From its Europe-wide research, for example, the IPPR found that, whereas two thirds of adults in Germany would intervene if they saw a group of young people vandalising a bus shelter, in the UK only a third would do so.

The institute gave a number of reasons why British adults were less prepared to intervene than their European counterparts, including economic changes, and changes to the structure of the family and the community.

What it did not mention, however, was the way the state and professionals have, over the last decade or so, come to colonise the informal relationships between adults and children.

The privatisation of childhood that has led to a situation where parents are less inclined to support teachers, let alone other adults on the street, in disciplining their children, certainly hasn’t helped. But neither has the relentless politicisation of antisocial behaviour, and the myriad state-funded initiatives, wardens, phone lines and so on that have been set up to get professionals and the police to do the job that local adults previously did.

Even worse than this, perhaps, is the way that adult-child relationships have been confused to the extent that, for many people, it is no longer clear whether you should help a child when they are distressed, or even speak to them in public.

In the end, one of the main solutions offered by the institute to the problem of adults being scared of kids, and of the socialisation of young people, is simply to call for more state regulation and supervision of young people in the form of compulsory structured youth work.

As the title Freedom’s Orphans suggests, freedom is one thing this institute has little time for.
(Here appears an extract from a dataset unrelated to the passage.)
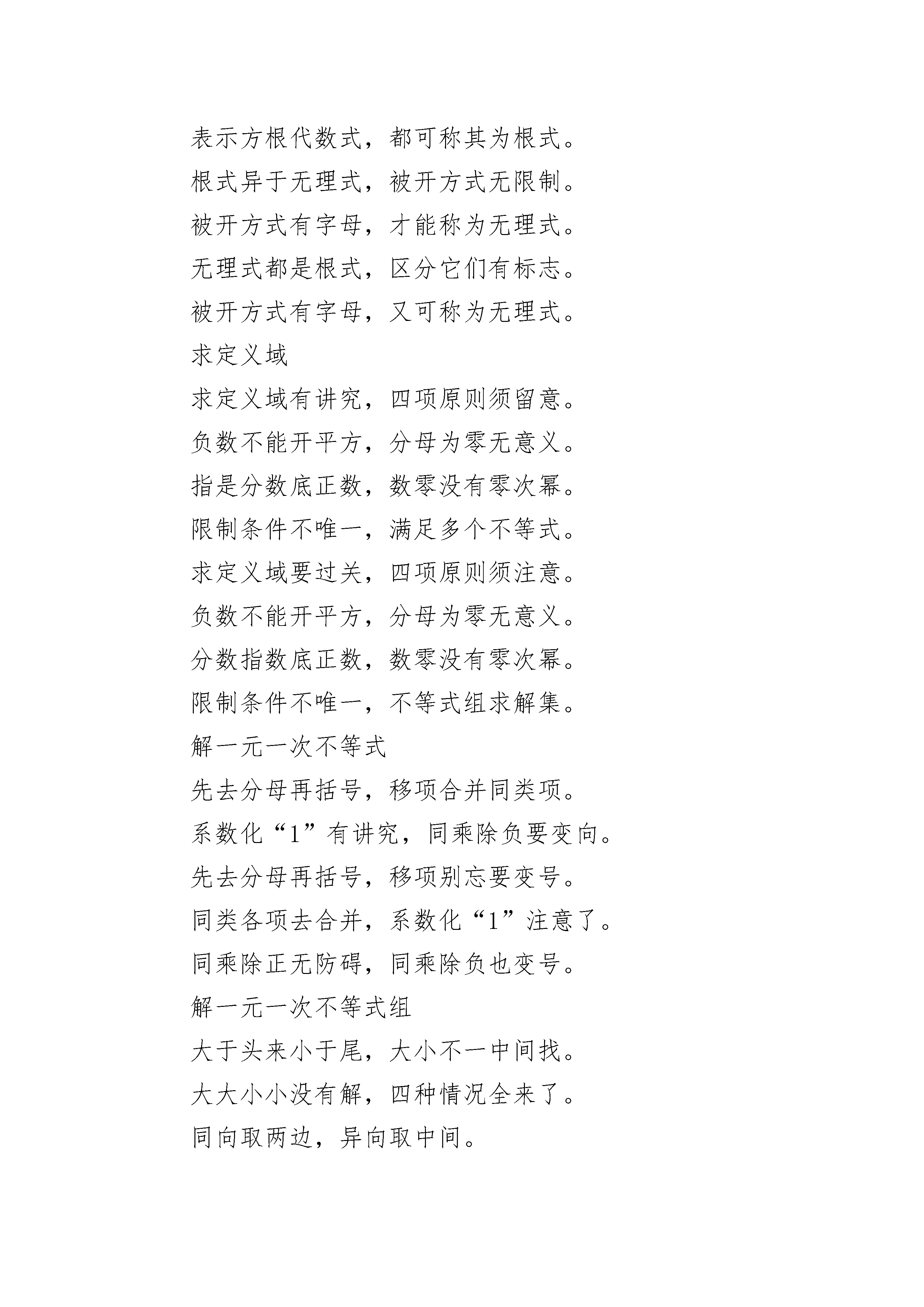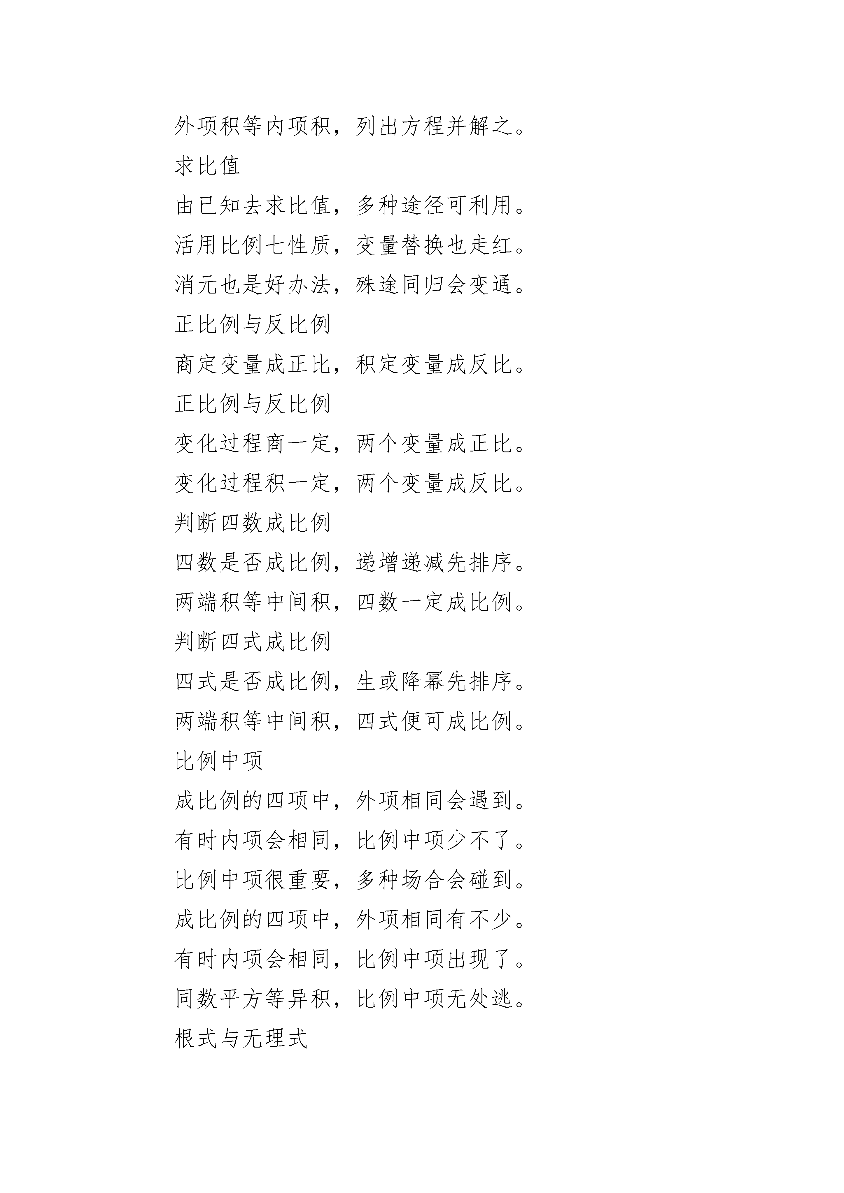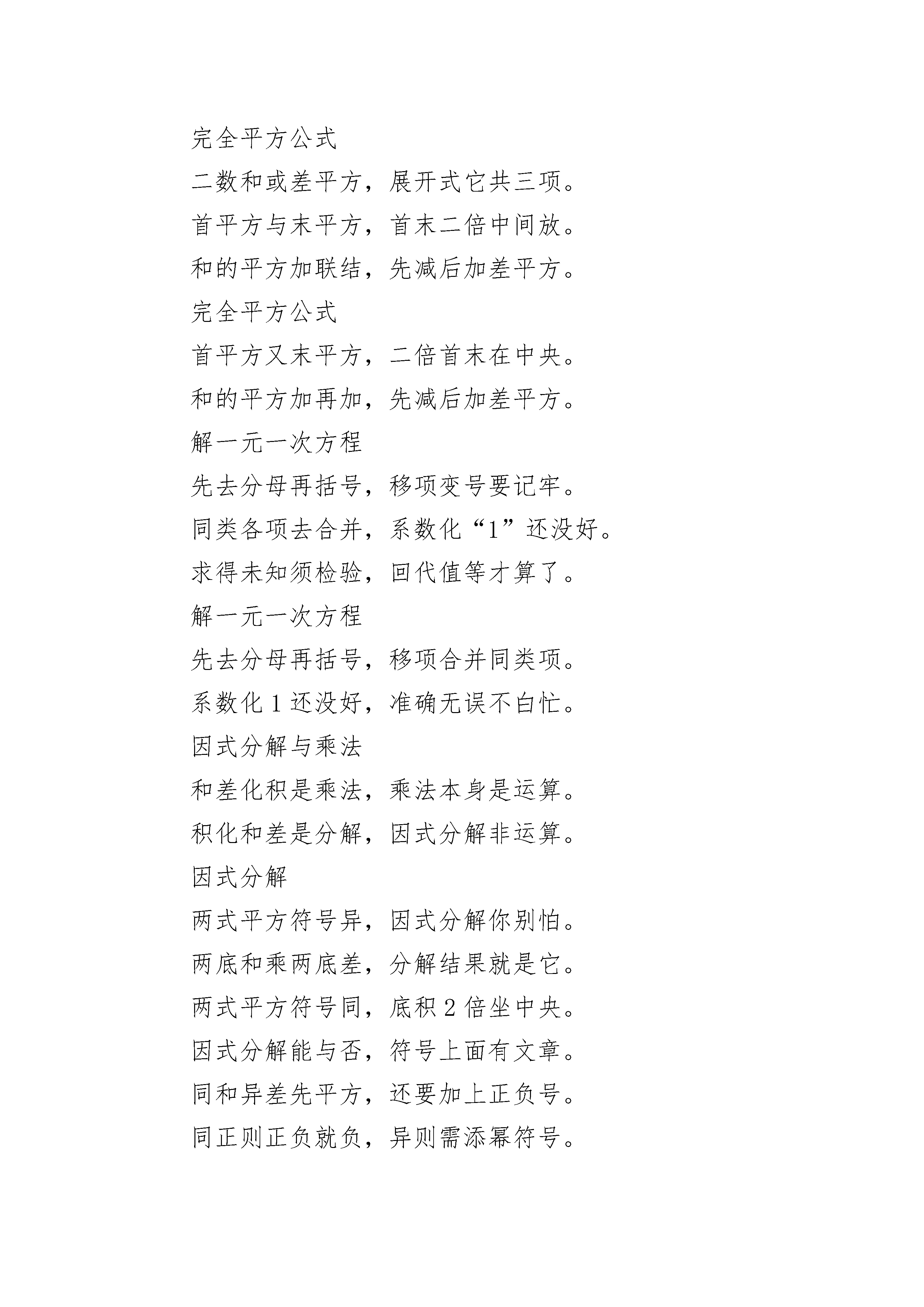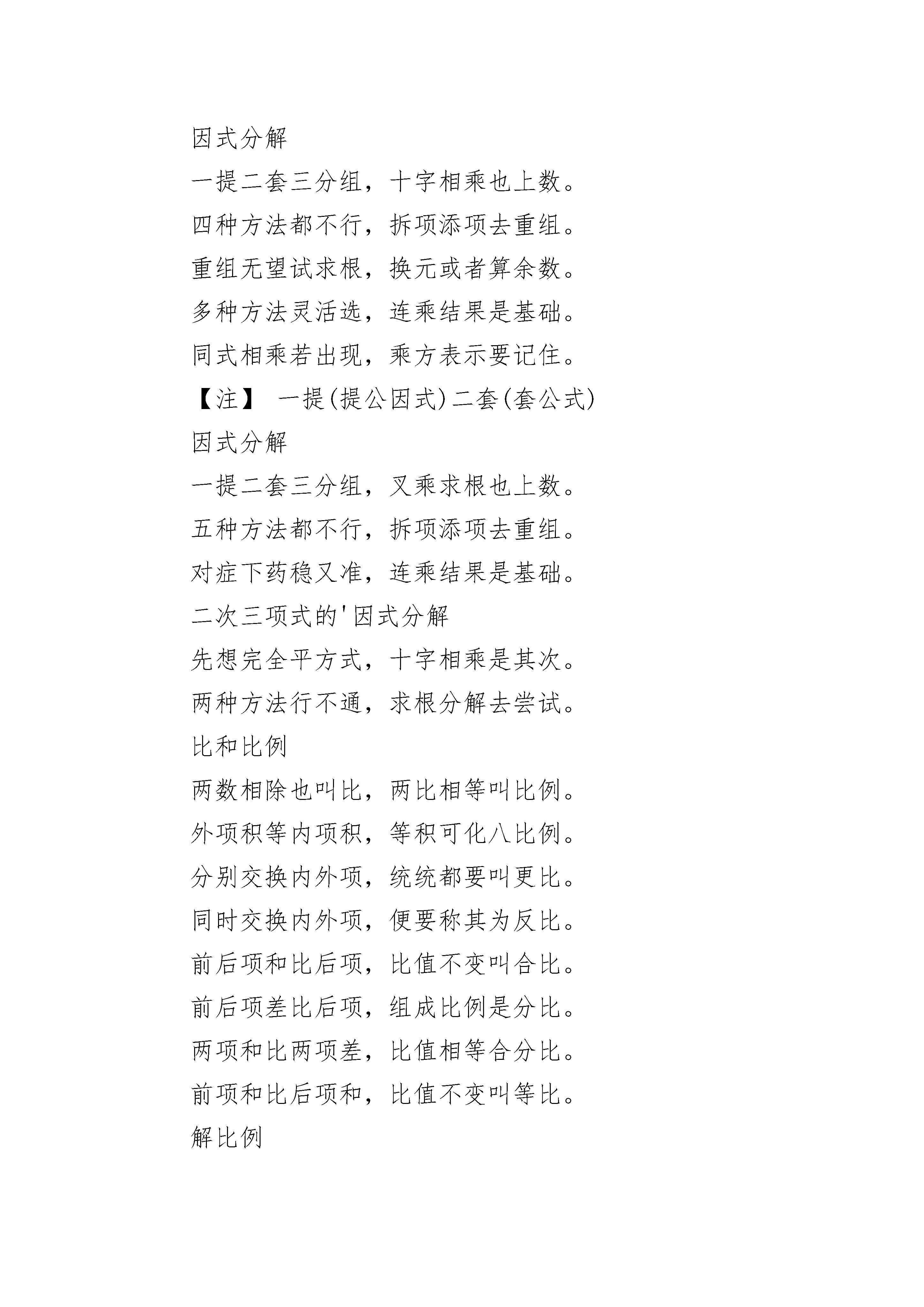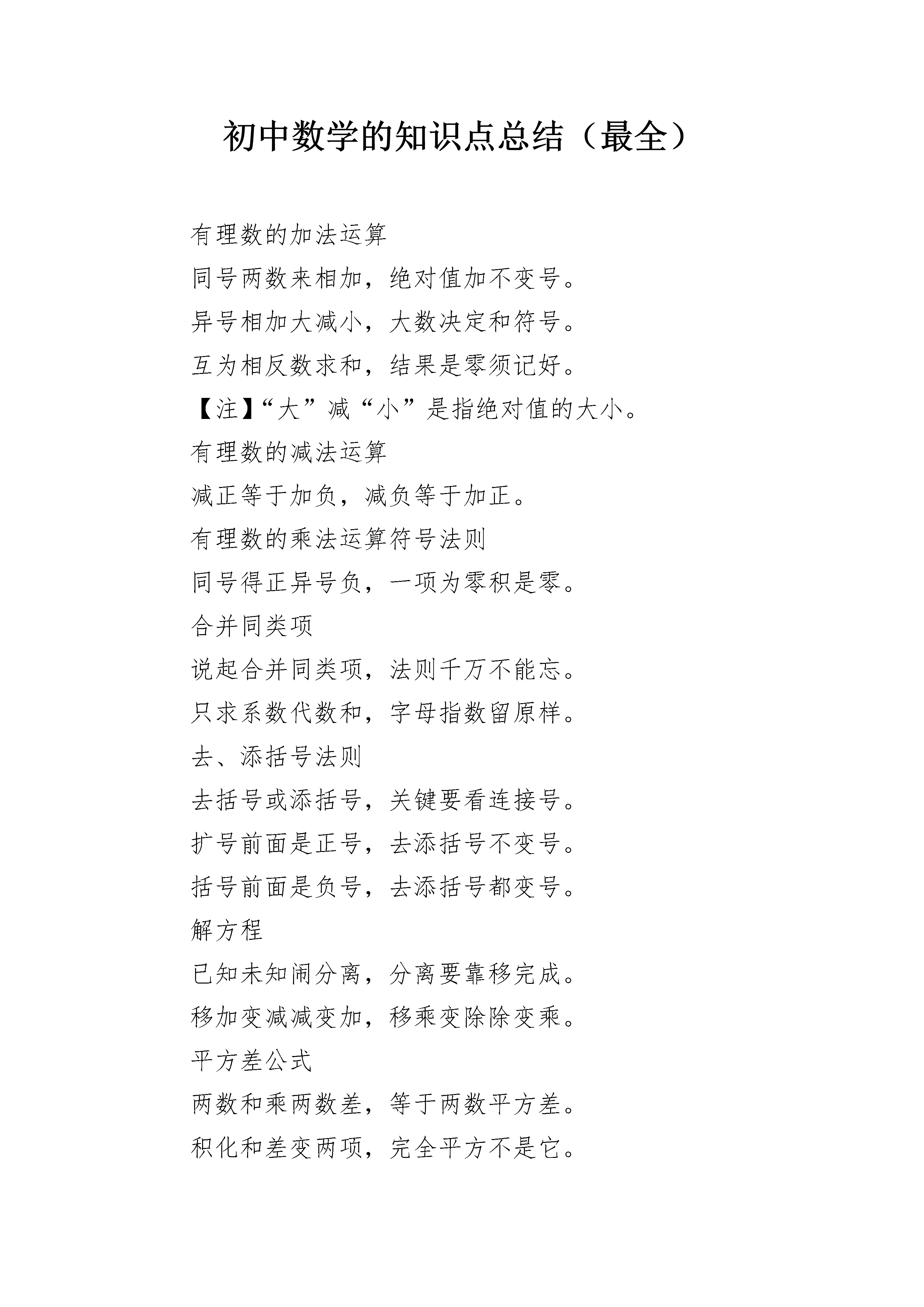 初中数学的知识点总结(最全)有理数的加法运算同号两数来相加,绝对值加不变号。异号相加大减小,大数决定和符号。互为相反数求和,结果是零须记好。【注】“大”减“小”是指绝对值的大小。有理数的减法运算减正等于加负,减负等于加正。有理数的乘法运算符号法则同号得正异号负,一项为零积是零。合并同类项说起合并同类项,法则千万不能忘。只求系数代数和,字母指数留原样。去、添括号法则去括号或添括号,关键要看连接号。扩号前面是正号,去添括号不变号。括号前面是负号,去添括号都变号。解方程已知未知闹分离,分离要靠移完成。移加变减减变加,移乘变除除变乘。平方差公式两数和乘两数差,等于两数平方差。积化和差变两项,完全平方不是它。完全平方公式二数和或差平方,展开式它共三项。首平方与末平方,首末二倍中间放。和的平方加联结,先减后加差平方。完全平方公式首平方又末平方,二倍首末在中央。和的平方加再加,先减后加差平方。解一元一次方程先去分母再括号,移项变号要记牢。同类各项去合并,系数化“1”还没好。求得未知须检验,回代值等才算了。解一元一次方程先去分母再括号,移项合并同类项。系数化1还没好,准确无误不白忙。因式分解与乘法和差化积是乘法,乘法本身是运算。积化和差是分解,因式分解非运算。因式分解两式平方符号异,因式分解你别怕。两底和乘两底差,分解结果就是它。两式平方符号同,底积2倍坐中央。因式分解能与否,符号上面有文章。同和异差先平方,还要加上正负号。同正则正负就负,异则需添幂符号。因式分解一提二套三分组,十字相乘也上数。四种方法都不行,拆项添项去重组。重组无望试求根,换元或者算余数。多种方法灵活选,连乘结果是基础。同式相乘若出现,乘方表示要记住。【注】一提(提公因式)二套(套公式)因式分解一提二套三分组,叉乘求根也上数。五种方法都不行,拆项添项去重组。对症下药稳又准,连乘结果是基础。二次三项式的'因式分解先想完全平方式,十字相乘是其次。两种方法行不通,求根分解去尝试。比和比例两数相除也叫比,两比相等叫比例。外项积等内项积,等积可化八比例。分别交换内外项,统统都要叫更比。同时交换内外项,便要称其为反比。前后项和比后项,比值不变叫合比。前后项差比后项,组成比例是分比。两项和比两项差,比值相等合分比。前项和比后项和,比值不变叫等比。解比例外项积等内项积,列出方程并解之。求比值由已知去求比值,多种途径可利用。活用比例七性质,变量替换也走红。消元也是好办法,殊途同归会变通。正比例与反比例商定变量成正比,积定变量成反比。正比例与反比例变化过程商一定,两个变量成正比。变化过程积一定,两个变量成反比。判断四数成比例四数是否成比例,递增递减先排序。两端积等中间积,四数一定成比例。判断四式成比例四式是否成比例,生或降幂先排序。两端积等中间积,四式便可成比例。比例中项成比例的四项中,外项相同会遇到。有时内项会相同,比例中项少不了。比例中项很重要,多种场合会碰到。成比例的四项中,外项相同有不少。有时内项会相同,比例中项出现了。同数平方等异积,比例中项无处逃。根式与无理式表示方根代数式,都可称其为根式。根式异于无理式,被开方式无限制。被开方式有字母,才能称为无理式。无理式都是根式,区分它们有标志。被开方式有字母,又可称为无理式。求定义域求定义域有讲究,四项原则须留意。负数不能开平方,分母为零无意义。指是分数底正数,数零没有零次幂。限制条件不唯一,满足多个不等式。求定义域要过关,四项原则须注意。负数不能开平方,分母为零无意义。分数指数底正数,数零没有零次幂。限制条件不唯一,不等式组求解集。解一元一次不等式先去分母再括号,移项合并同类项。系数化“1”有讲究,同乘除负要变向。先去分母再括号,移项别忘要变号。同类各项去合并,系数化“1”注意了。同乘除正无防碍,同乘除负也变号。解一元一次不等式组大于头来小于尾,大小不一中间找。大大小小没有解,四种情况全来了。同向取两边,异向取中间。中间无元素,无解便出现。幼儿园小鬼当家,(同小相对取较小)敬老院以老为荣,(同大就要取较大)军营里没老没少。(大小小大就是它)大大小小解集空。(小小大大哪有哇)解一元二次不等式首先化成一般式,构造函数第二站。判别式值若非负,曲线横轴有交点。a正开口它向上,大于零则取两边。代数式若小于零,解集交点数之间。方程若无实数根,口上大零解为全。小于零将没有解,开口向下正相反。用平方差公式因式分解异号两个平方项,因式分解有办法。两底和乘两底差,分解结果就是它。用完全平方公式因式分解两平方项在两端,底积2倍在中部。同正两底和平方,全负和方相反数。分成两底差平方,方正倍积要为负。两边为负中间正,底差平方相反数。一平方又一平方,底积2倍在中路。三正两底和平方,全负和方相反数。分成两底差平方,两端为正倍积负。两边若负中间正,底差平方相反数。用

The question of how to get adults back onto the streets engaging with young people is simply ignored, while the freedom and space that young people need to help them grow up is seen as part of the problem.

That the IPPR can simply ignore the importance of freedom and of unregulated informal relationships in creating genuine communities indicates the lack of trust they have in people. For many children today, the result is that the only adults who talk to them outside the home are those who are paid to do so.